Chazelle isn't going to wow in the field of special effects, nor should you expect any manufactured thrills, but what Chazelle specializes is in craft. This film shows a departure from a typical music-inspired narrative and yet he still shows a whopping amount of prudent instinct in that field, thanks to our old, Chazelle-film friend, Justin Hurwitz. The orchestral music sounds so gorgeous, yet so distinct and so perfectly timed. Even the regular sound editing manages to be so peculiarly, wonderfully trippy in some areas, such as the first failed mission when the rocket spins out of control and the sound effects used sound something a la Psycho. While the film isn't packaged with gimmicky suspense sequences, there are some genuine thrills along the way and the moon landing sequence manages to bring a vaster, hauntingly desolate scope to outer space that is uniquely its own.

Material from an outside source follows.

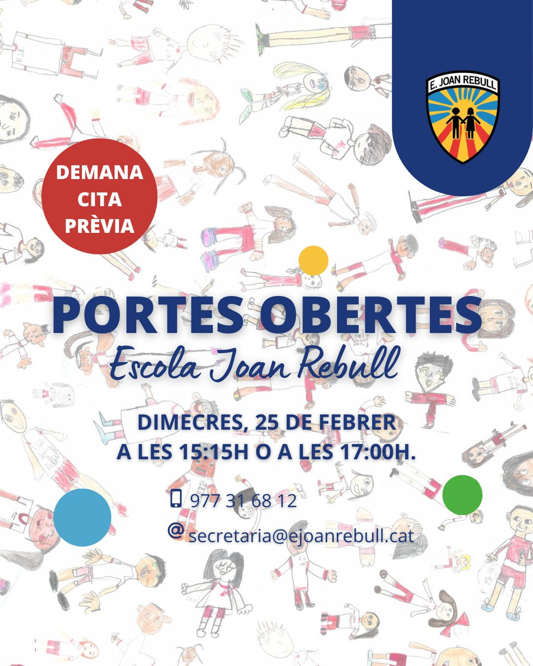 Dimecres 25 de febrer, portes obertes a l’Escola Joan Rebull. Especialment adreçades a famílies amb infants que s’incorporaran al centre el proper curs, però obertes a tothom qui vulgui conèixer millor l’escola. Podeu demanar cita trucant al centre o escrivint a secretaria@ejoanrebull.cat. Visites a les 15:15 i a les 17:00. Us animem a venir i […]

First Man isn't going to be hailed as a new masterpiece and, yeah, sometimes it does get a little too melodramatic for its own good, although ever so briefly. However, I was surprised, relieved, and satisfied that Chazelle can step outside of his comfort zone and imbue the American-as-apple-pie image of this "giant step for man and giant leap for mankind" milestone with enough warmth, wit, and authentic, bracing emotions to activate a extra echelon on veneration for these fine men, including the First Man. This film is not a historical dramatization, but moreso a layered portrayal of a precarious moment in our history.

On that basis, I thankfully enjoyed it.